Using the records below, reproduce exactly the lines from the one containing "潤滑油はその寿命の間に様々な" through the end, and nothing more; skip the images.

(Supplied data begins)

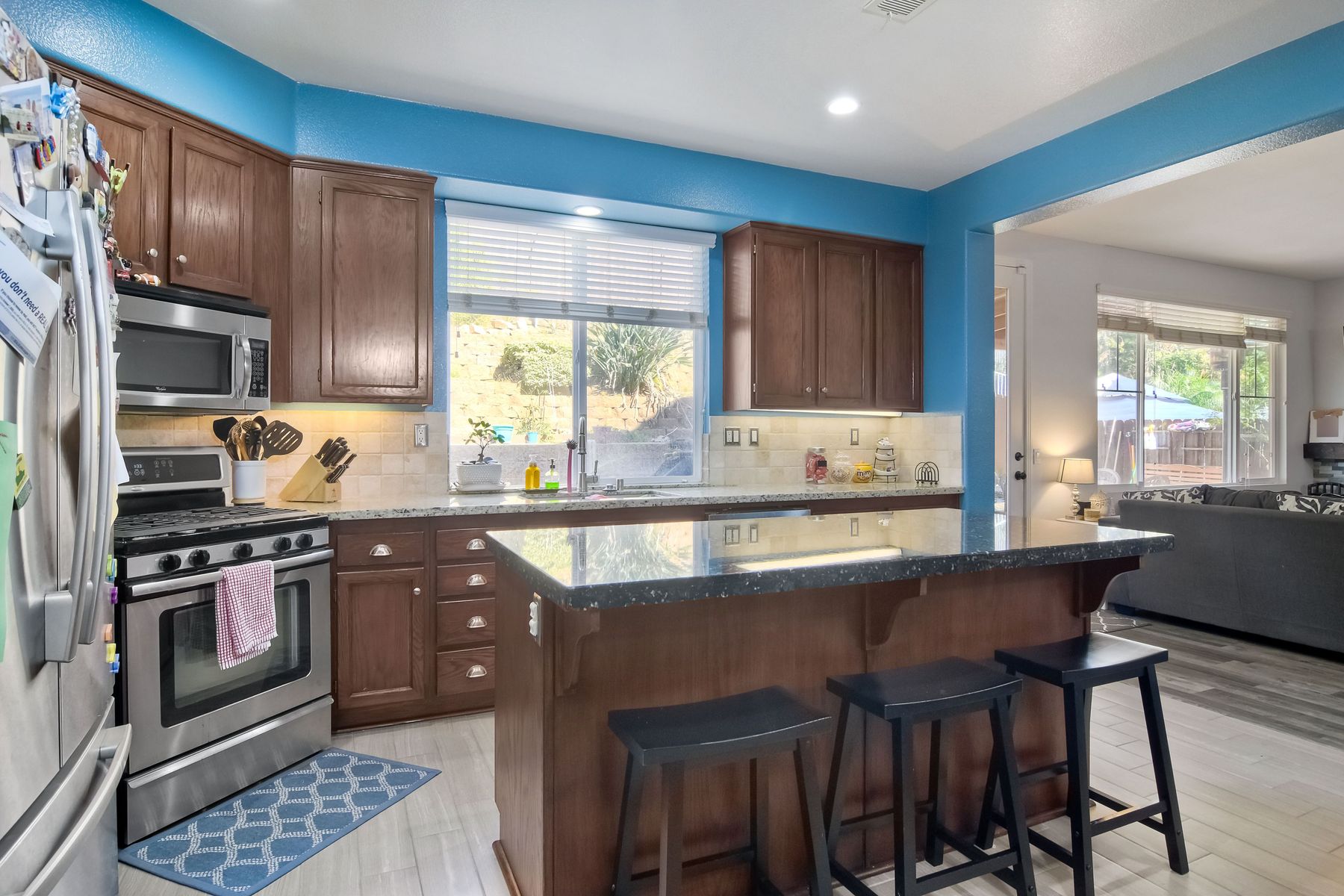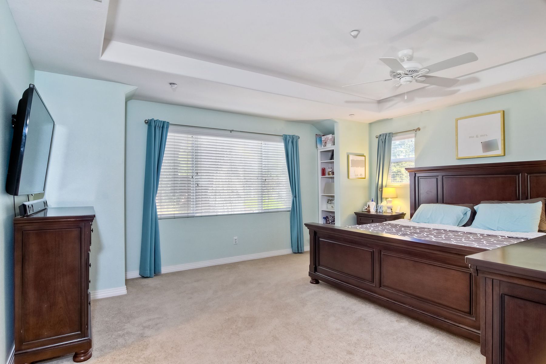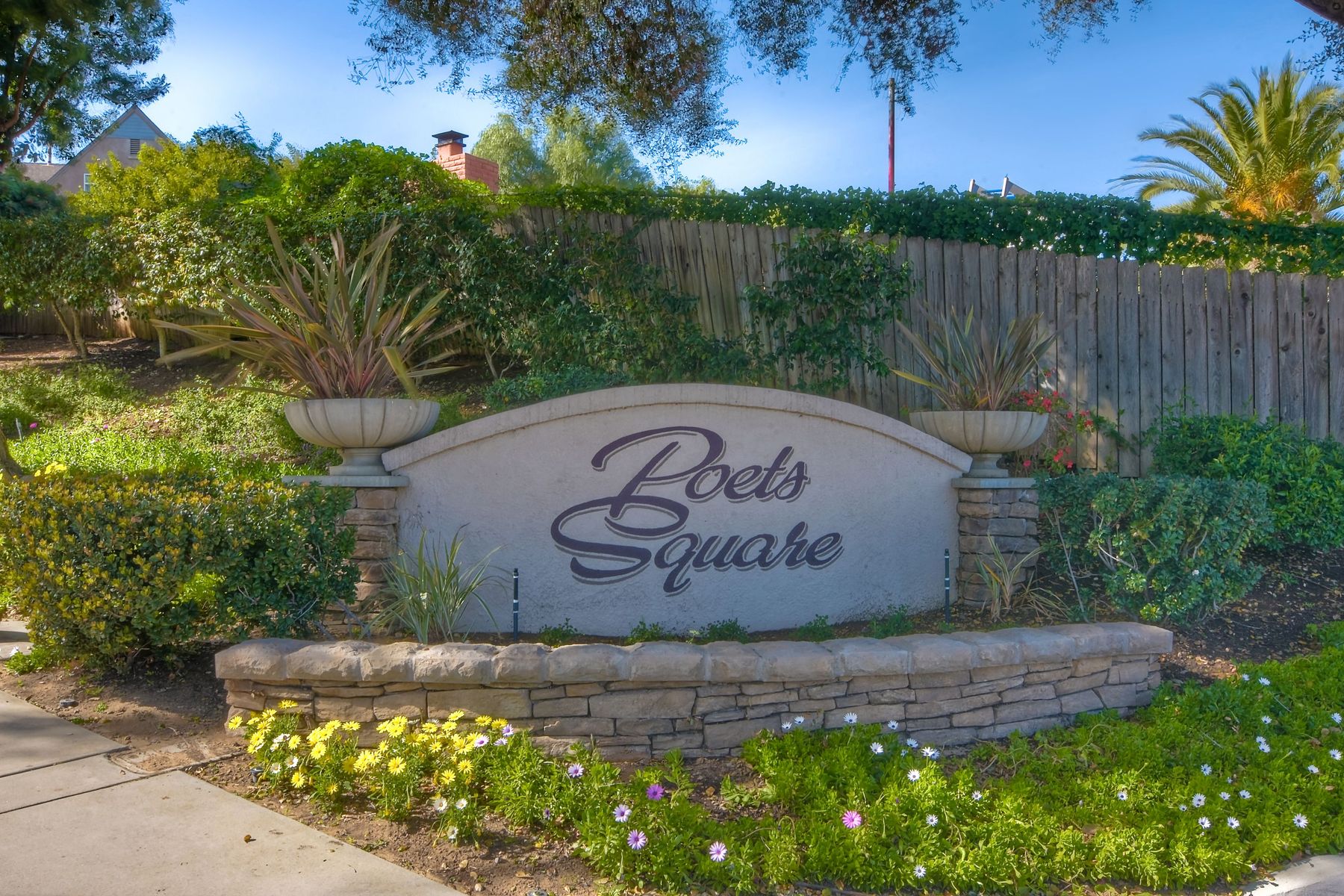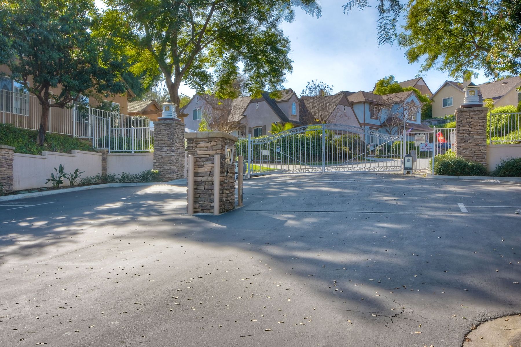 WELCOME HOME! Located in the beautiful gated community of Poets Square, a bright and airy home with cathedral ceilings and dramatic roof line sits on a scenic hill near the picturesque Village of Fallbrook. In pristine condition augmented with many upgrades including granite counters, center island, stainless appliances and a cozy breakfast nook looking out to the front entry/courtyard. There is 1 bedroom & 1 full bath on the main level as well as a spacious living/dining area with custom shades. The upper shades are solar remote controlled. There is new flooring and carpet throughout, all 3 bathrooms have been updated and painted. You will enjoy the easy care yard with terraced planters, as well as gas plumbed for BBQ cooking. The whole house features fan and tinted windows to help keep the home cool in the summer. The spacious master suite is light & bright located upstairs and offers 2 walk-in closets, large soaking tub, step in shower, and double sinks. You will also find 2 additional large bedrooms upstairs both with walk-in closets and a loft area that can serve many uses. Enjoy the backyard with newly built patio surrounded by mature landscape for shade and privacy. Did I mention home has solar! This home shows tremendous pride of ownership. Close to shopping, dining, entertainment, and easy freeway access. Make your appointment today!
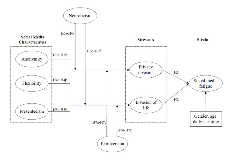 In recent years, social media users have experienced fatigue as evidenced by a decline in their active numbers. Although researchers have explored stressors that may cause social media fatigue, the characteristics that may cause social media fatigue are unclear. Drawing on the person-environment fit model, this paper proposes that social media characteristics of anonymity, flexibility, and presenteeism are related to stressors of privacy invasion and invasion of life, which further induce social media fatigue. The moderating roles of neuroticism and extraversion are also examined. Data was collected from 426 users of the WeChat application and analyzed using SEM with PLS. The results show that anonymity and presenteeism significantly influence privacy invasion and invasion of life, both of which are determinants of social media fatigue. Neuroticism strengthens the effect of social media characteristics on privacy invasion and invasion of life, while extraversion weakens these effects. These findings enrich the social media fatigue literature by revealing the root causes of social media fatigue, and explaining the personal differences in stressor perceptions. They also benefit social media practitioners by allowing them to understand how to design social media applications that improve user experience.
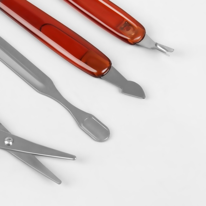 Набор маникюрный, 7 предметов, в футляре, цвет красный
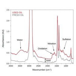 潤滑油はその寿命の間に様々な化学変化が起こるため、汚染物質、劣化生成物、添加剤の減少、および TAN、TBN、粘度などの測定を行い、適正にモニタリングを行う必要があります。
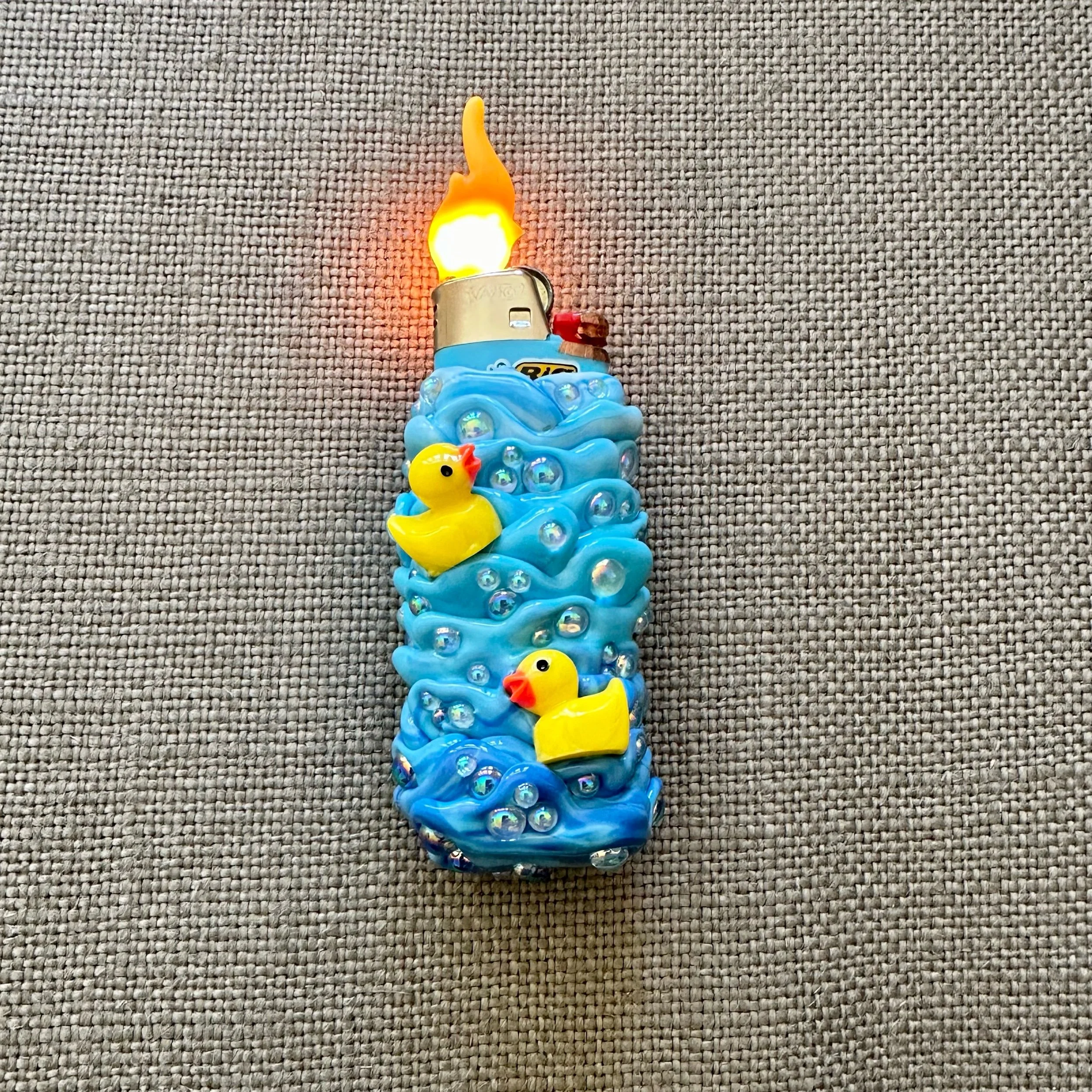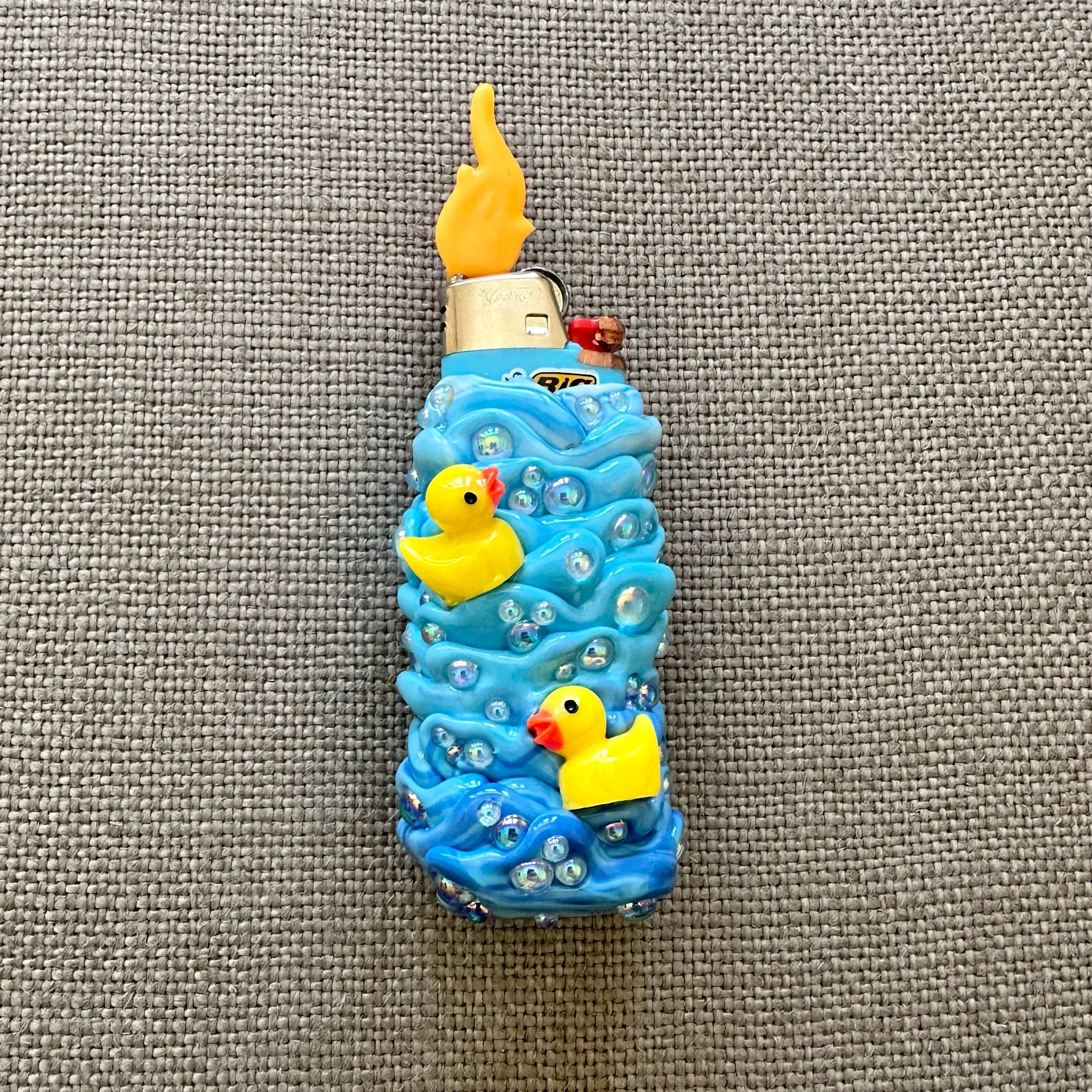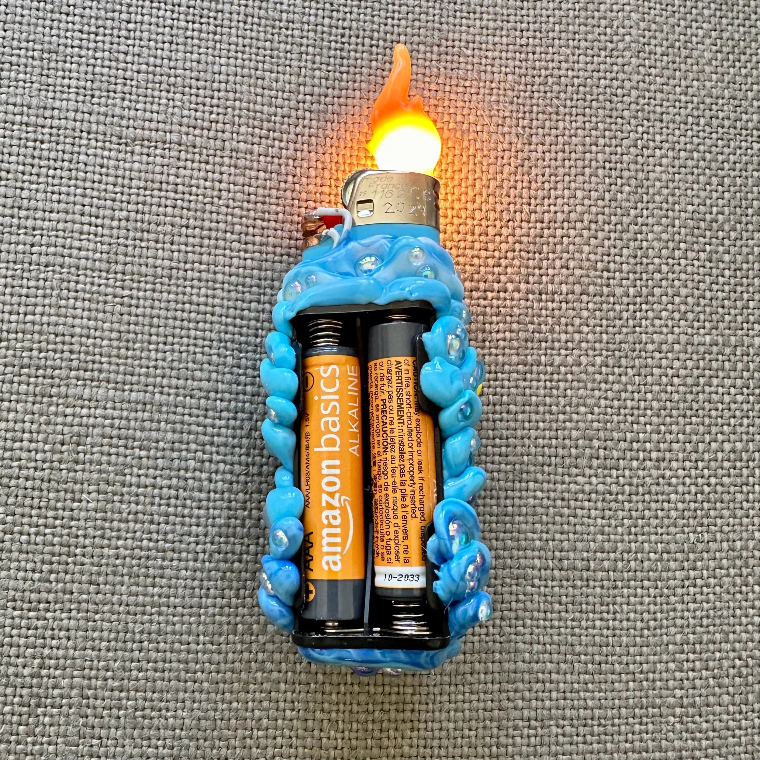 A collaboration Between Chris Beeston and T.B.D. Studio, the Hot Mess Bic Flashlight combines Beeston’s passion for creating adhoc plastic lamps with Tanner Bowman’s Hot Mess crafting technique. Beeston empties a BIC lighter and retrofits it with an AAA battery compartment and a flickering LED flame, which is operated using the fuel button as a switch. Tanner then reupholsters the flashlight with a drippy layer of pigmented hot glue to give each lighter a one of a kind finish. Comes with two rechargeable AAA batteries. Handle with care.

(Supplied data ends)

Exercise response:
 潤滑油はその寿命の間に様々な化学変化が起こるため、汚染物質、劣化生成物、添加剤の減少、および TAN、TBN、粘度などの測定を行い、適正にモニタリングを行う必要があります。
 A collaboration Between Chris Beeston and T.B.D. Studio, the Hot Mess Bic Flashlight combines Beeston’s passion for creating adhoc plastic lamps with Tanner Bowman’s Hot Mess crafting technique. Beeston empties a BIC lighter and retrofits it with an AAA battery compartment and a flickering LED flame, which is operated using the fuel button as a switch. Tanner then reupholsters the flashlight with a drippy layer of pigmented hot glue to give each lighter a one of a kind finish. Comes with two rechargeable AAA batteries. Handle with care.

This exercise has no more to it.